Он дал портье паспорт и пошел за ним в конец коридора, где была ванная. Она оказалась огромной, с мраморным полом и высоким потолком, у стены располагалась старинная чугунная ванна, заполненная горячей водой. Рядом, на низенькой скамье, стояло ведро с кипятком и лежал ковшик.
– Ужин вам в номер подать, сэр? – спросил портье, уже стоя в дверях.
– Да, в номер, пожалуйста, – ответил Рудаки и тут же почувствовал зверский голод. – Вы там что-нибудь наскоро сообразите, а то я проголодался, честно говоря, – и добавил: – Я мыться недолго буду.
– Ужин будет через полчаса, сэр, – сказал портье и собрался уходить, но Рудаки остановил его.
– Господин Морган-Милад, я попрошу вас, поменяйте на фунты немного долларов из тех, что я вам дал, – для слуги, а то мне нечем было дать ему чаевые.
– Не беспокойтесь, сэр, он в обиде не останется, – портье приложил руку к сердцу – все-таки арабская его часть проявляла себя – и торжественно удалился.
Рудаки разделся и опустился в горячую воду, постанывая от удовольствия и отчасти от боли – на ногах были многочисленные ссадины и кровоподтеки, следы недавней безумной гонки по усеянной камнями пустыне.
«Нельзя расслабляться, – убеждал он себя, лежа в ванне, – не известно, кто такой этот Морган-Милад, – сдаст полиции, пока я тут голый лежу». Но убеждения не действовали – уж очень хорошо было так лежать и отмокать от грязи и пота, которые, казалось, проникли в каждую пору.
Когда наконец ему удалось заставить себя начать мыться, постучал портье и спросил, можно ли подавать ужин.
– Еще минут десять, – крикнул через дверь Рудаки, и действительно, не позднее, чем через минут пятнадцать вошел в свой номер.
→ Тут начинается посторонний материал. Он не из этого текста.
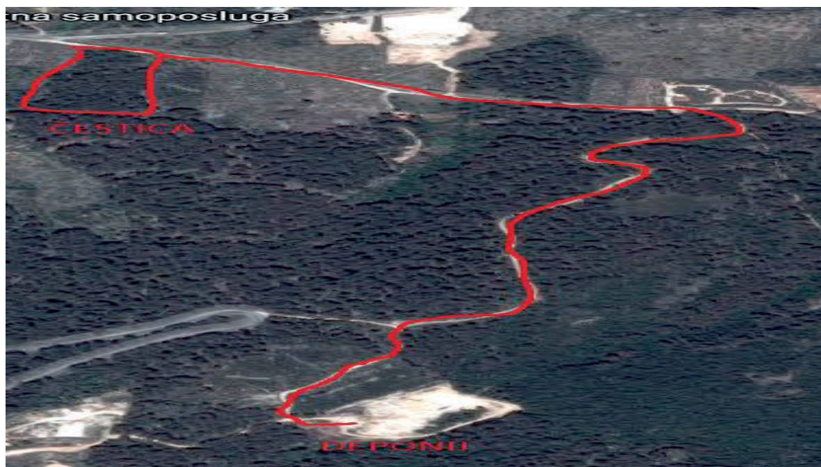
Slika 3. Udaljenost deponija od iskopa [3]
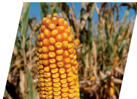
/// DKC4712, Sárvár, 2020
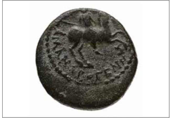
Resim 7: Magnesia Sikkesi, Denizatı (Ön Yüz) ve Leukippos (Arka Yüz) / Coin of Magnesia, Capricorn (Obverse) and Leukippos (Reverse)

de olduğu gibi Athena'nın koruyuculuğu ile bu şekilde perçinleştirilmek istenmiştir. Yukarıda adına bir arşitrav üzerinde rastladığımızı belirttiğimiz tanrıçanın Magnesia'da "koruyucu/zafer getiren" sıfatı ile anılmış ve adına tholos planlı bir tapınak yaptırılmış olması da kuruluş mitosundaki rolü ile uygun düşmektedir.

Ужин уже ждал его на низком столике возле кровати. Правда, надо было надеяться, что не весь ужин – на столике пока была только «мезза» – традиционный арабский набор закусок к араку. Присутствовал и сам арак в высоком стакане – рядом стоял второй стакан с водой, чтобы разбавлять арак.
Рудаки арак любил – пристрастился к этому напитку еще в первые свои командировки на арабский Восток. Ему нравился и мягкий вкус этой водки, и запах аниса, будивший детские воспоминания об успокоительных «каплях датского короля», которые пили престарелые родственники, – воспоминания, скорее всего, ложные, так как его престарелые родственники были по преимуществу военными врачами, людьми суровыми и в успокоительных каплях не нуждавшимися; этот запах неизменно пробуждал в памяти и навязчивую песенку из какого-то кинофильма: «"Капли датского короля" пейте, кавалеры!».